Justice of the Texas Supreme Court
- In office January 2, 1991 – September 1, 1995
- Preceded by: C. L. Ray Jr.
- Succeeded by: James A. Baker

Texas Third Court of Appeals Justice
- In office 1982–1991

Member of the U.S. House of Representatives from Texas's 22nd district
- In office January 3, 1977 – January 3, 1979
- Preceded by: Ron Paul
- Succeeded by: Ron Paul

Member of the Texas Senate from the 7th district
- In office January 9, 1973 – January 23, 1976
- Preceded by: Chet Brooks
- Succeeded by: Gene Jones

Member of the Texas House of Representatives from the 24-3 district
- In office January 12, 1971 – January 9, 1973
- Preceded by: Arthur Vance
- Succeeded by: District rearranged

Personal details
- Born: Robert Alton Gammage March 13, 1938 Houston, Texas, U.S.
- Died: September 10, 2012 (aged 74) Austin, Texas, U.S.
- Party: Democratic
- Spouse: Lynda Hallmark
- Alma mater: Del Mar College (A.A.) Univ. of Corpus Christi (B.S.) Sam Houston State Univ. (M.A.) University of Texas (J.D.) University of Virginia (LL.M.)
- Occupation: Lawyer; Professor

Military service
- Allegiance: United States
- Branch/service: United States Army United States Navy
- Years of service: 1959–1960 (Active Army) 1960–1964 (Army Reserve) 1965–1995 (Naval Reserve)
- Rank: Navy Captain
- Unit: U.S. Navy J.A.G. Corps

= Robert Gammage =

American politician (1938–2012)

Robert Alton Gammage (March 13, 1938 – September 10, 2012) was an American politician, having served as a Democrat in the Texas House of Representatives, the Texas State Senate, and the United States House of Representatives.

==Early life and education==
Gammage was born in Houston and attended Milby High School there. He earned an associate of arts from Del Mar College in 1958 and a bachelor of science from the University of Corpus Christi in 1963, both in Corpus Christi. He obtained a master's degree from Sam Houston State University in 1965 and a Juris Doctor from the University of Texas at Austin in 1969. He also earned an LLM from the University of Virginia School of Law in 1986.

== Early career ==

=== Military career ===
Gammage served in the United States Army from 1959 to 1960 and the Army Reserve from 1960 to 1964. While in the army, he was stationed at Fort Benning, Georgia and in Seoul, Korea. He then served in the Navy Reserve from 1965 to 2000, where he retired as a captain

=== Educational career ===
Throughout the late 1960s and early 1970s, Gammage was employed on the faculty the University of Corpus Christi, San Jacinto College, and the South Texas College of Law. In the late 1990s and early 2000s (decade), he taught at Sam Houston State University, Texas A&M University-Corpus Christi (formerly the University of Corpus Christi), Texas State University in San Marcos, and Roman Catholic-affiliated St. Edward's University in Austin.

== Political career ==
Gammage served in the Texas House of Representatives from 1971 to 1973. Gammage was a member of the so-called "Dirty 30," a bipartisan group of legislators that pushed for reform in the 1970s in the wake of the Sharpstown scandal in which then state House Speaker Gus Mutscher of Brenham in Washington County was convicted and sentenced to five years probation for conspiring to accept a bribe. As a legislator he advocated government reform, consumer and health legislation, voting rights for eighteen-year -olds, and equal rights for women.

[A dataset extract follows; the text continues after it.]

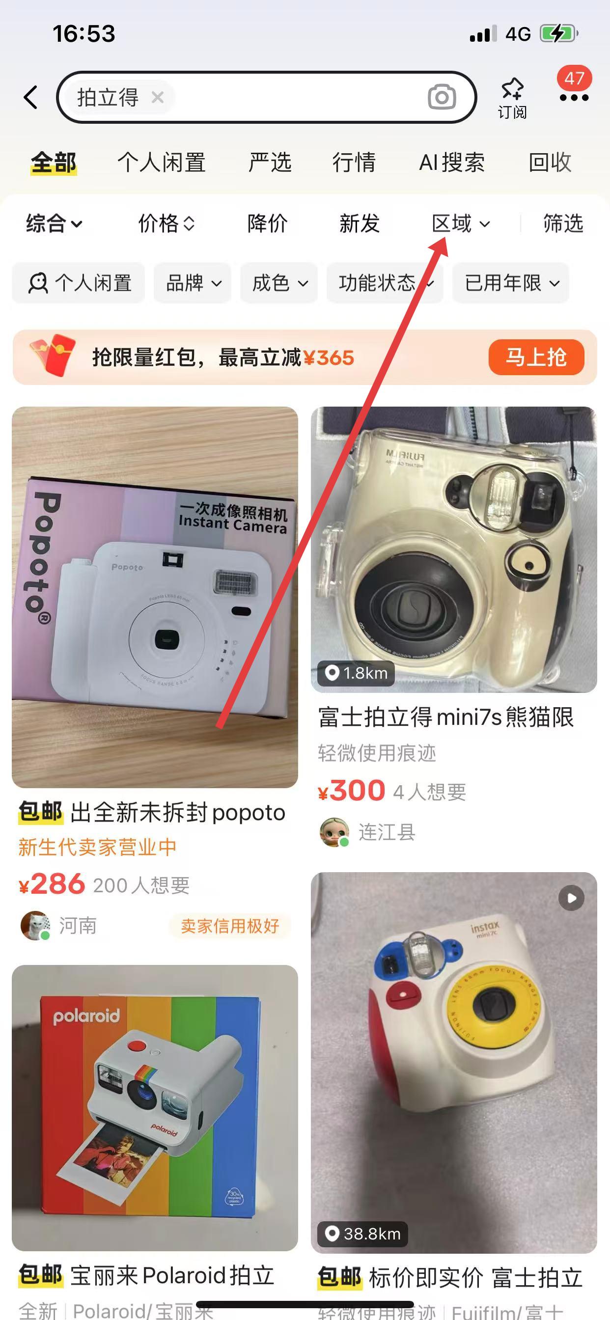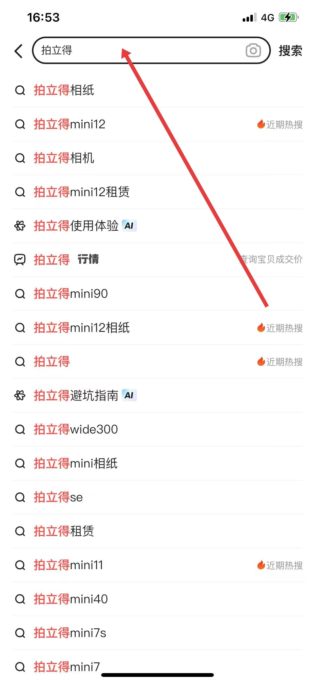 1、打開閑魚APP,在首頁(yè)頂部的搜索欄中,輸入想要購(gòu)買的商品關(guān)鍵詞,如“拍立得”,然后點(diǎn)擊搜索按鈕。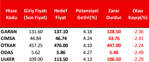 *Haftalık Model Portföyümüz teknik analize göre hazırlanmış olup; temel veriler dikkate alınmamıştır.

Gammage was a member of the Texas State Senate from 1973 to 1976, when he was elected to the 95th Congress, having unseated freshman Republican Ron Paul. After one term in Congress, he lost his seat to Paul in 1978. From 1979 to 1980, Gammage was assistant state attorney general under Attorney General Mark Wells White. In 1980, he was a special consultant to the U.S. Department of Energy under U.S. President Jimmy Carter, the last Democrat to win Texas in the Electoral College.

In 1982, Gammage was elected as a justice to the Texas Third Court of Appeals in Austin and served in that position until 1991. He was elected in 1990 to the Texas Supreme Court, on which he served from 1991 until 1995. During his time on the bench Gammage participated in nearly 250 cases. He embraced an expansive interpretation of the legal doctrines and constitutional provisions that protect individual rights and equality. Gammage garnered national attention when he resigned from the Texas Supreme Court in 1995 to draw attention to the increasing amount of influence that campaign contributors and political action committees (PACs) had on judicial elections. Working with other proponents of judicial reform, including former Texas State Supreme Court Chief Justice Thomas R. Phillips, Gammage was a key actor in bringing about caps on campaign contributions in judicial elections.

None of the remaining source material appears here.